В романе изображен медленно растущий круг «новых людей», чьи намерения принимать решения исходя из разумных соображений обещают положить конец всем предрассудкам и конфликтам, которые отравляют жизнь отдельным людям, семьям, обществам и целым государствам. Хотя Чернышевский писал роман в тюрьме, а позже был приговорен (на основе самых вздорных свидетельских показаний) к каторжным работам и ссылке в Сибирь, в своей книге он выражает величайшую уверенность в том, что с помощью разумной мысли обязательно закрепятся и продолжатся перемены, начавшиеся с освобождением крепостных. Молодые, образованные герои и героини его романа строят совместные планы, один другого сложнее, и к концу книги организуются в некое тайное общество революционеров, чье появление предвещает в ближайшем будущем стремительный переворот и бурные социальные перемены.

Однако первоочередные задачи, которые Чернышевский ставил перед своими молодыми героями, состояли не в прямых политических диверсиях и не в агитации, а в саморазвитии и, самое главное, в правильной организации собственной личной жизни[71 - Паперно И. Семиотика поведения.]. Просвещение представлено в романе просто как неизбежный побочный результат чтения и ясного мышления, что, в удачных обстоятельствах, доступно всем – и мужчинам, и женщинам. Истинные помехи прогрессу – политические условия гнета и экономического неравенства: именно они порождают суеверия и ложные представления о человеческих взаимоотношениях. Центральная сюжетная линия романа сводится к освобождению просвещенной молодой женщины, Веры Павловны, и от нищеты, и от матери-интриганки путем фиктивного брака с учителем ее брата, Дмитрием Лопуховым. Позже Лопухов, поняв, что Вера влюблена в их общего друга Александра Кирсанова, симулирует самоубийство, чтобы вторично дать ей свободу[72 - О том, чем Чернышевский обязан здесь Жорж Санд, см.: Klenin E. On the Ideological Sources of Chto delat’: Sand, Druzhinin, Leroux // Zeitschrift fur Slavische Philologie. 1991. Vol. 51. № 2. P. 367–405; и Paperno I. Chernyshevsky and the Age of Realism: A Study in the Semiotics of Behavior. P. 136 et pass.]. Потом Лопухов снова появляется в романе, поначалу под вымышленным именем, женится на одной из Вериных подруг, после чего обе супружеские пары живут сообща, наподобие коммуны. В этой коммунальной идиллии каждая личность наделяется оптимальной мерой свободы, чтобы определять свои отношения с остальными – и в политических взглядах, и в области любви. Нравственно оскорбленные критики назвали это сожительство «фаланстером».

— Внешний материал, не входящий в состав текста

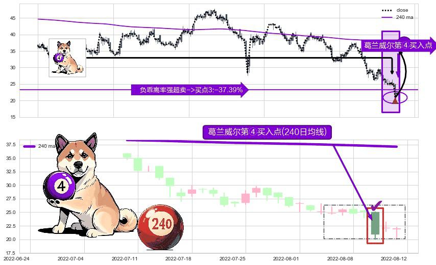 形态多维评估: ⚀ 2022-08-10-日显现 葛兰威尔均线 240日均线 第④买入点 下降趋势均值回复的短线反弹信号,后市看涨,买进信号
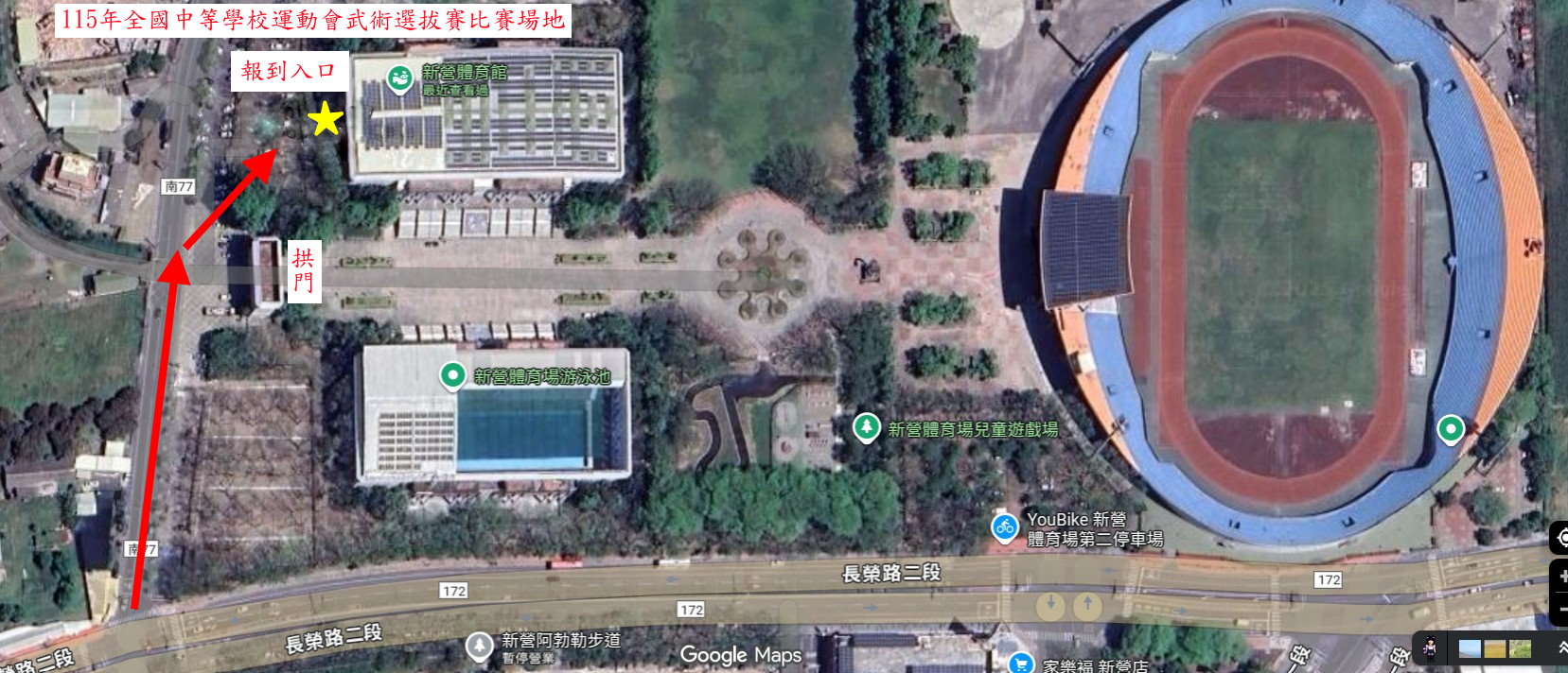 武術賽事日期原定11/29(星期日)調整至12/21(星期日)於新營體育場(羽球館樓下)辦理。

Эти «новые люди» вели себя по-особому: практиковали личную свободу, следуя собственному разумению. При этом к принятию альтруистичных решений их приводили тщательные расчеты, нацеленные на достижение наибольшего блага для наибольшего количества людей. Такой радикальный утилитарный принцип критики назвали «разумным эгоизмом». В соответствии с этим принципом люди должны действовать осознанно – так, чтобы приносить себе наибольшую пользу, и исходя из соображений выгоды не только для самих себя, но и для общего дела. В трактате «Антропологический принцип в философии» Чернышевский выражает уверенность в том, что «люди вообще, без различия наций и сословий, называют добром то, что полезно для человека вообще». Это добро – вычислимое свойство, оно прямо пропорционально количеству людей, которые от него выигрывают: «Общечеловеческий интерес стоит выше выгод отдельной нации, общий интерес целой нации стоит выше выгод отдельного сословия, интерес многочисленного сословия выше выгод малочисленного»[73 - Чернышевский Н. Г. Полн. собр. соч.: В 15 т. Т. 7. С. 285.]. Роман «Что делать?» и был призван показать, как нужно просчитывать выгоду и стремиться к высшему благу.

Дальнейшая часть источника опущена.